Technical information
- Licensing authority: FCC
- Facility ID: 49573
- Class: C1
- ERP: 100,000 watts
- HAAT: 265 metres (869 ft)

Links
- Public license information: Public file; LMS;

= WFDX =

WFDX (92.5 Atlanta, Michigan) is a radio station that previously simulcasted an Adult Hits format with WFCX branded as Music Radio, The Fox FM. WFDX's 100,000-watt signal serves most of northern Michigan including Alpena, Gaylord and Petoskey, while WFCX, the flagship, served the Traverse City area with 20,500 watts. As of 2023, it broadcasts an unchanging playlist of Adult Hits that lasts approximately an hour before repeating.

WFDX signed on in 1989 as WAIR, owned by Rick Stone (who later owned WJML Radio in Petoskey). At first, they aired an adult contemporary format with WNIC/Detroit's Johnny Williams doing a voicetracked version of his "Pillow Talk" show for nights. In the early 1990s, WAIR flipped to oldies, and shortly thereafter, WIAR 94.3 signed on, simulcasting WAIR's signal. Around that time, Northern Radio took over WAIR.

On Thanksgiving 1997, WIAR flipped to country as B94.3 and their call letters changed to WBYB. WAIR remained oldies for more than a year until they started simulcasting with WBYB again under the new name B92.5/B94.3 with their call set being WBYC.

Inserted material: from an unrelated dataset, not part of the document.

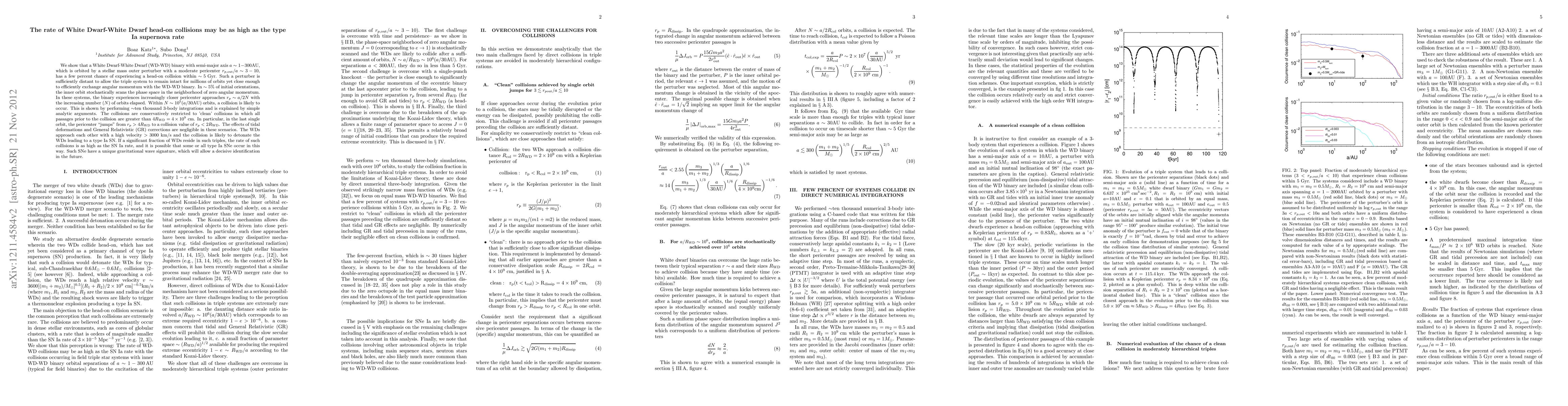 We show that a White Dwarf-White Dwarf (WD-WD) binary with semi-major axis a=1-300 AU, which is orbited by a stellar mass outer perturber with a moderate pericenter r_{p, out} \sim 3-10 x a, has a few percent chance of experiencing a head-on collision within ~5 Gyr. Such a perturber is sufficiently distant to allow the triple system to remain intact for millions of orbits while efficiently exchanging angular momentum with the WD-WD binary. In ~ 5% of the initial orientations, the inner orbit efficiently scans the (equal energy) phase space in the region of zero angular momentum. In these systems, the binary experiences increasingly closer, stochastic, pericenter approaches r_p ~ a/2N with the increasing number (N) of orbits elapsed. Within N~10^5(a/30AU) orbits, a collision is likely to occur. This is shown by performing \simten thousand 3-body integrations and is explained by simple analytic arguments. The collisions are conservatively restricted to "clean" collisions in which all passages prior to the collision are greater than 4R_WD=4x10^9cm. In particular, within the last single orbit, the pericenter changes from r_p>4R_WD to a collision value of r_p<2R_WD. The effects of tidal deformations and General Relativistic (GR) corrections are negligible in these scenarios. The WDs approach each other with a high velocity >3000 km/s and the collision is likely to detonate the WDs leading to a type Ia SNe. If a significant fraction of WDs reside in such triples, the rate of such collisions is as high as the SNe Ia rate, and it is possible that some or all type Ia SNe occur in this way. Such SNe have a unique gravitational wave signature, which will allow a decisive identification in the future.

On February 24, 2003, The Bee flipped to classic hits as The Fox. Since revising its format, The Fox FM's ratings have increased noticeably, as the station has drawn listeners from competing stations WCCW-FM and WGFN.

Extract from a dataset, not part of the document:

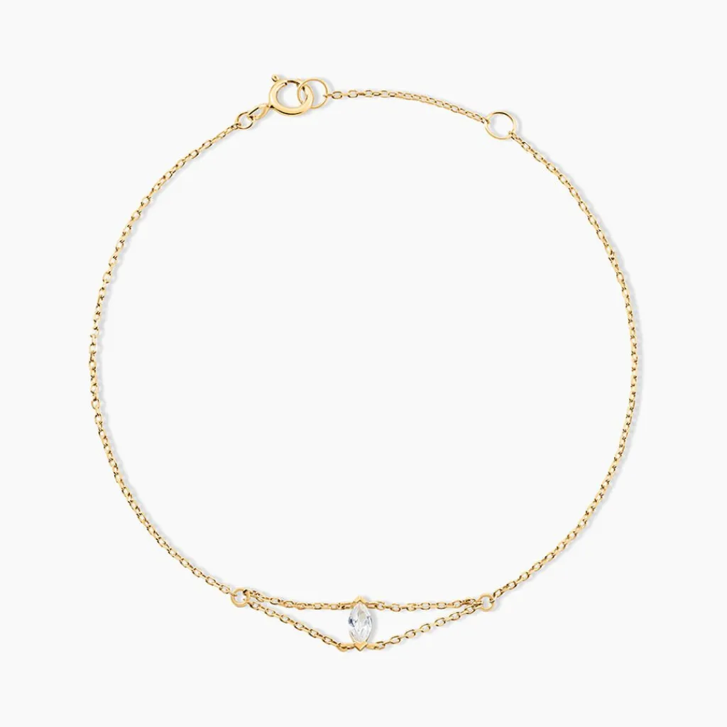 Bracelet Or Jaune 375/1000 Jamsheed Solitaire Navette Oxyde Double Chaine Maille Forcat 16+2Cm BNH0015K-G-CZ-S1

92.5 WFDX had a slight delay from 94.3 WFCX, and thus the two signals had different liners that indicate the frequency. WFCX was identified in liners as "94-3 The Fox FM," and WFDX as "92-5 The Fox FM." However, the DJs referred to the station only as "The Fox FM."

The Fox also operated W237DA 95.3, a translator station licensed to Boyne City and serving the Petoskey area. The translator originally operated at 95.5 as W238AO and was granted its license in February 2005 after several months on the air. Listeners in the northern and eastern portions of the listening area of modern-rock station WJZJ 95.5 "The Zone" in the Traverse City area were unhappy, since W238AO interfered with WJZJ's signal as far away as Gaylord and made WJZJ completely unlistenable in areas north and west of Gaylord. However, in December 2006, W238AO was granted a construction permit to move down the dial to 95.3 with new call sign W237DA to alleviate some of the interference to WJZJ. W237DA was noted on the air at the new frequency in February 2007. W237DA was a direct rebroadcast of WFDX 92.5 until late September 2007, when the station switched to a rebroadcast of sister station WSRT. The translator has since moved to 100.5 FM as W263CD.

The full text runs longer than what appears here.